[DATA Boundary: Start]

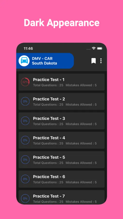 The app includes a variety of practice questions for the DMV Permit Test exam. These questions are based on the South Dakota DMV handbook Users can track their progress and identify areas where they need more practice, allowing them to focus their studying on the areas where they need the most improvement.
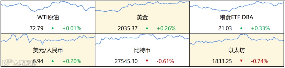 ▷ 商品:油价下跌超过1美元,结束此前连续三天的涨势,经济数据表明美联储可能进一步加息。布兰特原油期货下跌1.03美元,或1.3%,结算价报每桶76.41美元;美国原油期货下跌1.15美元,或1.6%,结算价报每桶72.56美元。
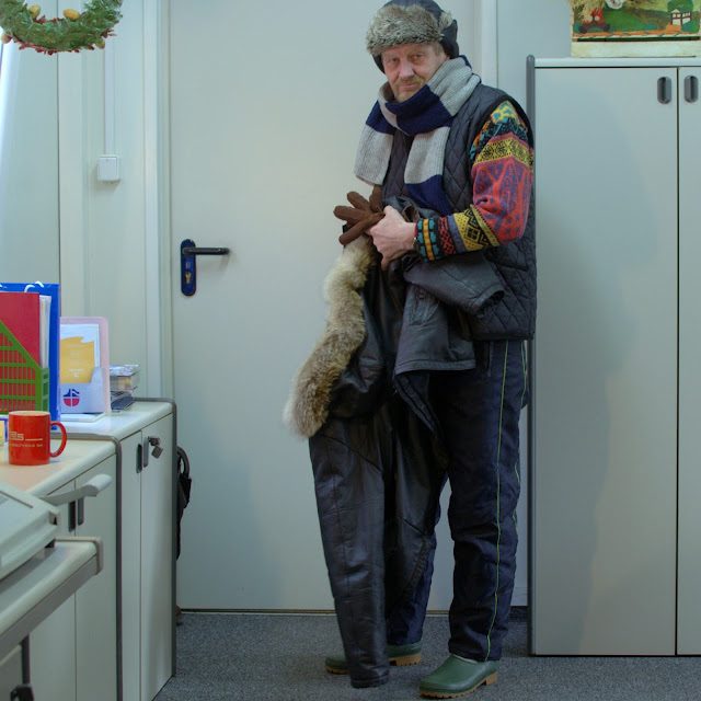 To co widzisz na tym obrazku to nie są żadne dresy, tylko klasyczne ocieplane spodnie narciarskie. Różnią się znacznie od współczesnej mody tym, że zwężają się do dołu. Przy silnych sztormowych wiatrach na mojej wyspie sprawdzają się doskonale.
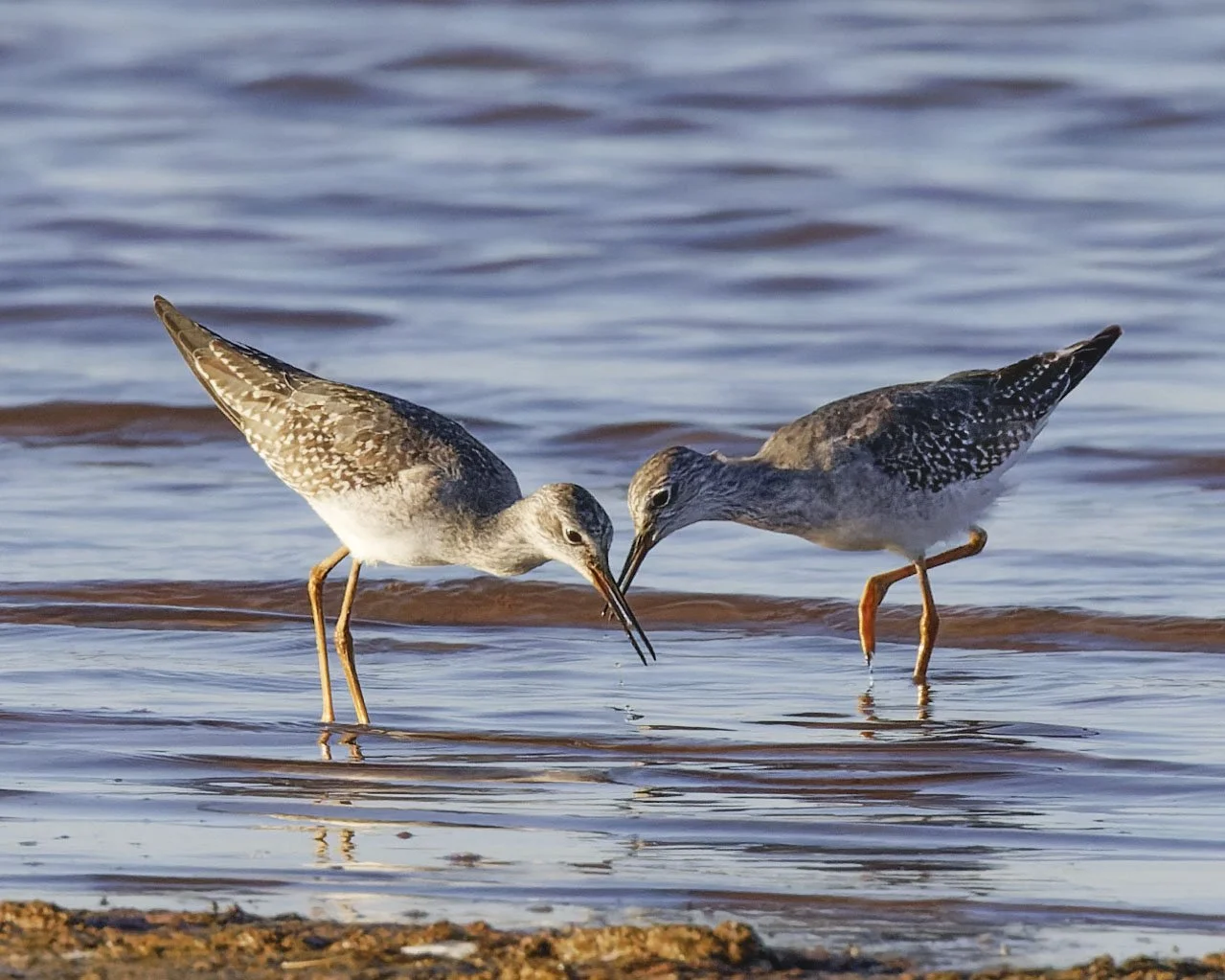 Lesser Yellowlegs are graceful feeders preferring the shallows of lakes, rivers and streams. They are seen with Greater Yellowlegs with similar markings as well as other shorebirds.

[DATA Boundary: End]

**INSTRUCTIONS FOR THE TASK**
Give the data again word for word, without images.

**WRITTEN RESPONSE**
 The app includes a variety of practice questions for the DMV Permit Test exam. These questions are based on the South Dakota DMV handbook Users can track their progress and identify areas where they need more practice, allowing them to focus their studying on the areas where they need the most improvement.
 ▷ 商品:油价下跌超过1美元,结束此前连续三天的涨势,经济数据表明美联储可能进一步加息。布兰特原油期货下跌1.03美元,或1.3%,结算价报每桶76.41美元;美国原油期货下跌1.15美元,或1.6%,结算价报每桶72.56美元。
 To co widzisz na tym obrazku to nie są żadne dresy, tylko klasyczne ocieplane spodnie narciarskie. Różnią się znacznie od współczesnej mody tym, że zwężają się do dołu. Przy silnych sztormowych wiatrach na mojej wyspie sprawdzają się doskonale.
 Lesser Yellowlegs are graceful feeders preferring the shallows of lakes, rivers and streams. They are seen with Greater Yellowlegs with similar markings as well as other shorebirds.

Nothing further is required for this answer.